2) Should the part of the system that caused the panic be able to lock up the crash dump process? Obviously, if the disk driver causes a panic, all bets are off when trying to use it to write the dump, but this crash seems to have been from a network driver. Shouldn't a double panic just give up on the dump and try a reboot?

3) Is there any way to rig the system to obtain more info if this happens again? Right now I'm using an embedded remote console server, but I could switch the system to a serial port if enabling the kernel debugger might help. But I think that the sleeping thread bit would happen even at the debugger prompt, wouldn't it?


----------



## Terry_Kennedy (May 13, 2010)

Terry_Kennedy said:
			
		

> I just cvsup'd the box and built a new kernel, in case the previous cvsup was in between related commits, or to see if anything changed since.



I just booted the new kernel and tried this again, and got another crash. The message is identical to the first, except that the instruction pointer changed by 0x10 (presumably due to code differences between the old and new kernels) and it got 6MB further writing the crash dump.

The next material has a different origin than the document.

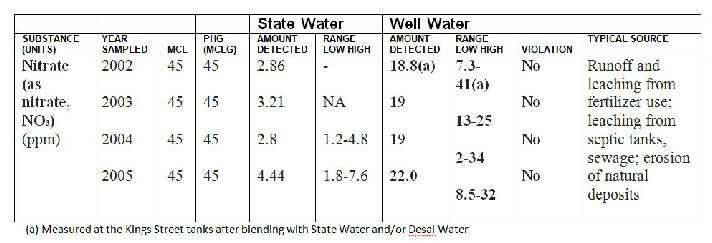 The nitrate levels reported in the years 2002 through 2005 differed radically from the actual levels recorded in the well test data sent to the CDPH. The following table gives the specific nitrate data included in the 2002 -

Since it seems I can reproduce this at will, I'll be glad to either perform additional information-gathering or give a developer access to the box for testing purposes.

Is it possible to correlate the source line in the kernel with the instruction pointer in the panic?


----------



## DutchDaemon (May 14, 2010)

It's probably advisable to go to the applicable mailing list with this. This is something a developer might be interested in, but most of them are not here (this being an end-user forum mostly).


----------